陆泽轩不好在法庭上面指责安紫凝,对于安紫凝现在的心情,他觉得可以可以理解,如果中途不出现什么意外,安紫凝是可以得到安氏的股份的,那些股份不是一点点钱,而是上百亿。

人都是贪婪的,安紫凝为了保护自己的权益据理力争没有什么不对,只是真金不怕火炼,如果事实证明柳安琪的确是安氏血脉,得到那些股份是在情理之中的事情,安紫凝再不淡定也没有办法扭转乾坤。

陆泽轩很惊讶自己此刻的淡定,其实他应该和安紫凝站在同一战线上面,可是此刻他却不是这样想的,他拥有安氏百分之三十的股份,虽然没有那百分之七十多,但是已经足够他花几辈子了,对于他来说钱不是最重要的,他最重要的东西已经在几年前失去了,现在的他对于钱财名利都看得很淡,看着安紫凝和柳安琪为了那百分之七十的股份争得面红耳赤,他很冷静的坐在一边一言不发的看着。

此刻的她们哪有什么半点平时的高贵优雅,唾沫星在乱飞,看起来和泼妇没有什么区别,陆泽轩突然觉得无比的累,心中只有一个想法,人为什么要那么贪婪,为什么就不能知足一点?

鉴于安氏老管家的证词有伪证嫌疑,安紫凝的律师建议多找几个曾在安氏做过的人来出庭作证,法官最后采纳了安紫凝方的建议,决定再多找几个曾经在安氏做过的老人来作证。此次开庭又是无果而终。
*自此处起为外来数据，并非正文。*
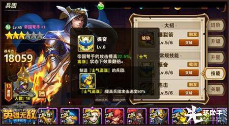 在这两个技能的搭配中,提升了帝国弩手的输出能力。帝国弩手自带的技能将他的攻击提升,加强了帝国弩手振奋这一技能的攻击伤害,而且在士气高涨的增幅之下,技能还出现了翻倍效果。

第三次开庭如期举行,在这次开庭上面,一共出庭了曾在安氏做过后来被辞退的老人四位,在法官问到安致和是否曾经有一个大女儿时候,这四位老人无一例外的都选择了是,这意外的答案让安紫凝当场就绿了脸。

上次开庭结束后,她马上派人找到了这些曾被她辞退的老人,对每位都表达了歉意,并且送上了不少的慰问金。这些老人也对她证实安氏并没有所谓的另外一个大小姐之说,安紫凝一直以为自己已经亲自登门道歉并且送上了礼金这几位老人就一定会在法庭上面实话实说,却没有想到他们竟然给了她意想不到的答案。

法官针对这次开庭的结果做出了宣判,柳安琪的确是安氏血脉,安氏百分之七十的股权应该交予她继承。不过保留被告方上述的权利。也就是说如果陆泽轩和安紫凝能找到证据证明柳安琪不是安氏血脉,这个案子还可以翻案。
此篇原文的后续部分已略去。